§ **DATA EXCERPT**:

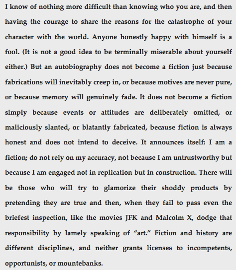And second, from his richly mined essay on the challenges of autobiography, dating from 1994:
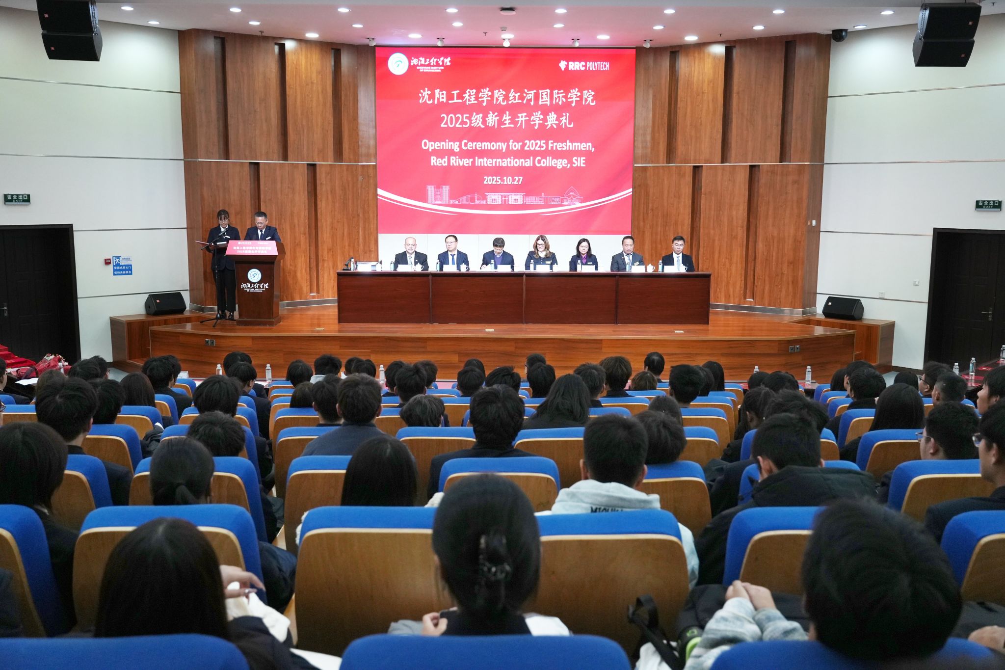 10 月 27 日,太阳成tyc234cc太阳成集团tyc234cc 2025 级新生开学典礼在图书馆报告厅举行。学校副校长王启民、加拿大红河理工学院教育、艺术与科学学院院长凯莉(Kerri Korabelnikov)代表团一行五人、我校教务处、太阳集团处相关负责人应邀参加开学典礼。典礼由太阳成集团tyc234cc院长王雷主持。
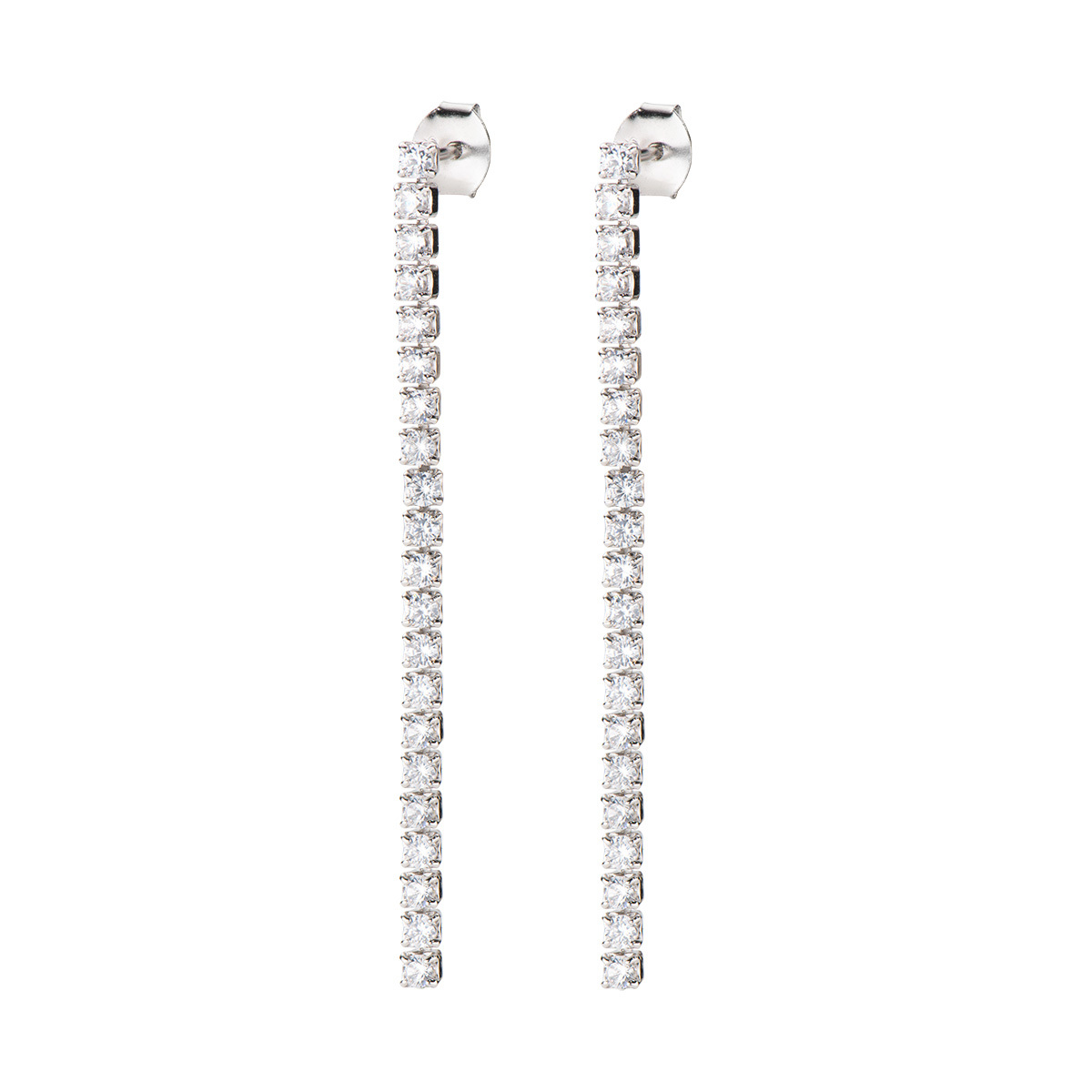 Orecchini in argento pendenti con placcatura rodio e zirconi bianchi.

§ **EXERCISE DESCRIPTION**:
Only the text of the listing should be returned, exactly and in full; no image goes into the copy.

§ **SOLUTION TO THIS TASK**:
And second, from his richly mined essay on the challenges of autobiography, dating from 1994:
 10 月 27 日,太阳成tyc234cc太阳成集团tyc234cc 2025 级新生开学典礼在图书馆报告厅举行。学校副校长王启民、加拿大红河理工学院教育、艺术与科学学院院长凯莉(Kerri Korabelnikov)代表团一行五人、我校教务处、太阳集团处相关负责人应邀参加开学典礼。典礼由太阳成集团tyc234cc院长王雷主持。
 Orecchini in argento pendenti con placcatura rodio e zirconi bianchi.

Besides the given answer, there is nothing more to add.